Coutts confirms safety overhaul – but is SailGP ahead of the game or playing catch-up?
Following the collision in Auckland that put Louis Sinclair and Manon Audinet in hospital, Russell Coutts confirmed at Sydney's press conference that engineering teams are deep into design reviews.
That includes looking at control systems, structural reinforcements, finite element modelling, and possibly physical crash testing. On the athlete protection side, cockpit airbags and an external Kevlar strap concept are being evaluated alongside clothing and impact treatment protocols.
But buried within the reassurances was an admission that invites scrutiny. "In these situations when you review them, there's always things that in the communication or in the response that you can then learn from to apply in the future," Coutts said. It's a telling line. Even SailGP's CEO acknowledges there were gaps.
Recovery and response
The official line is that both athletes are recovering well. But Quentin Delapierre’s words at the press conference revealed that Manon Audinet’s injuries may have been downplayed, with the French strategist needing a full two weeks in hospital.
“Manon is fine, she's sorted,” Delapierre assured. “She just spent two weeks at the hospital and I think she would like to thank SailGP and also the fans for the support she received at the hospital. It's not really funny for an athlete to be stuck in bed for two weeks. I know Manon pretty well. She's already focused on what happens next and she's moving on.”

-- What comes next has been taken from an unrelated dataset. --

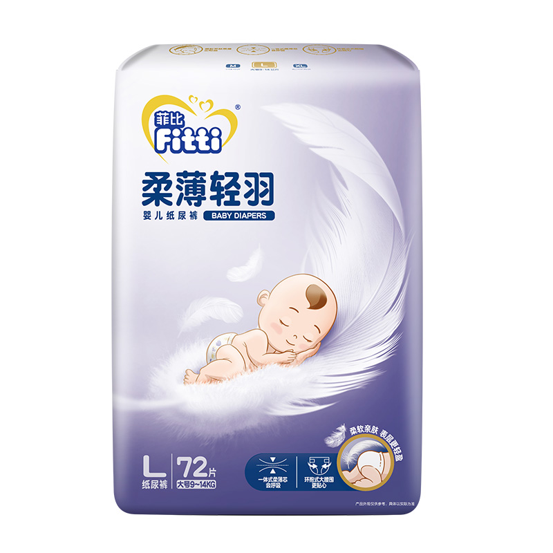 菲比柔薄轻羽纸尿裤大码L72片男女宝宝婴儿纸尿裤超薄透气尿不湿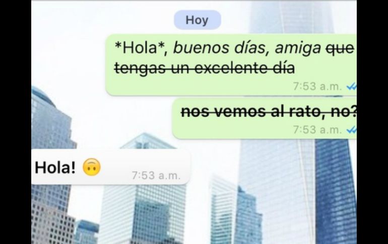 Tecnología | La 'app' de mensajería instantánea presenta su nueva actualización WhatsApp introduce cursiva, negritas y tachado en textos La 'app' de mensajería instantánea presenta su nueva actualización Por: EL INFORMADOR 30 de marzo de 2016 - 07:25 hs Por el momento sólo ha llegado a dispositivos iOs y a usuarios que manejen en sus dispositivos la última versión de Android. ESPECIAL / GUADALAJARA, JALISCO (30/MAR/2016).- La popular aplicación de mensajería instantánea ha presentado una nueva actualización, la cual permite escribir el texto en cursiva, negritas o tacharlo. En días pasados, WhatsApp ya había introducido la posibilidad de compartir documentos en PDF y ahora presenta esta última opción para utilizar dentro del chat. Dicha novedad por el momento sólo ha llegado a dispositivos iOS y a usuarios que manejen en sus dispositivos la última versión de Android, que actualmente está disponible solamente en versión beta. Si el destinatario del mensaje no cuenta con la actualización, no podrá ver las palabras editadas. Quien desee darlo de alta como ''tester'', puede hacerlo a través de este enlace. Para utilizar las nuevas opciones sigue los siguentes pasos: Negrita. Encierra entre asteriscos las palabras que vayan a aparecer. Ejemplo: *Informador* Cursiva. Pon entre guiones bajos las palabras. Ejemplo: _Informador_ Tachar texto. Situa las palabras entre virgulilla. Ejemplo: ~Informador~ Para usar varios recursos al mismo tiempo, sólo tendrás que combinarlos, encerrando unos sobre otros. Ejemplo: ~*_Informador_*~ EL INFORMADOR/ERICA DONAJÍ Temas Internet Telefonía Celular Smartphones Redes Sociales Aplicaciones WhatsApp Lee También Bad Bunny permanece sentado durante "God Bless America" y enciende las redes Alcalde de Tulum anuncia acceso libre a playas, pero sin alimentos ni bebidas Revelan cómo será el primer iPhone plegable que planea lanzar Apple Internet Bienestar: Pasos para conservar tu número móvil Recibe las últimas noticias en tu e-mail Todo lo que necesitas saber para comenzar tu día Registrarse implica aceptar los Términos y Condiciones

Coutts added: "If you look at where we've come from as a sport over the last five years, I think we've come a long way. I'm not sure if you had taken it back to, for example, 2017, that we would have been able to respond as well as that."
That may be true. But there's a difference between improving response times and preventing incidents in the first place. At points this season, SailGP has looked like a league expanding more quickly than it can handle.
READ MORE: Tom 'Mozzy' Morris: SailGP's Auckland safety review doesn't add up
Split fleets: safety vs spectacle
The split fleet format, trialled in Auckland after the crash, is now confirmed for every event next season once the 14th team joins. But Coutts conceded the limitations: "Splitting the fleet wouldn't remove all the risk of a situation like Auckland happening. That situation could equally happen with two or three boats.”
Course geometry is also being looked at – leg lengths, gate distances, congestion hotspots. “Those are all positive steps and will make the sport safer,” Coutts added. “Will it remove all risk? It won't. Of course not. But it's definitely taking some pretty significant steps to make it safer.”
But SailGP needs to walk the delicate line between safety and spectacle. As we saw in Sydney’s marginal conditions, the racing already lacked bite with eleven boats on the course, and halving the fleet won't help.
Season 6 collisions: who's bouncing back?
Meanwhile, the teams caught up in this season's on-water incidents are recovering at very different rates.
Spain topped the fleet racing in Sydney, showed impressive control throughout and finished third in the final. Diego Botín’s crew now sit fifth overall – a remarkable result given they missed the entire event in Perth and all the on-water practice that comes with it.
France had to sit out Sydney, but five compensation points have kept them level with Team USA in third. Following a Frankenstein operation with the Kiwi boat, their F50 is back in one piece. Coutts confirmed it's being repainted and will be on the water in Rio. The French team is still very much in the mix.
Contrast that with the two boats involved in Perth's collision. So far Switzerland has picked up a single point in Sydney and sit in last place overall. The Black Foils have just two points to show for their season, and remain stuck on shore with no return date in sight.
With no spare boat in the fleet, one bad collision can knock a team out for a season. It's a vulnerability the league still needs to address. So as Coutts admits lessons are still being learned, the question lingers: is SailGP evolving proactively, or merely scrambling to respond after the fact?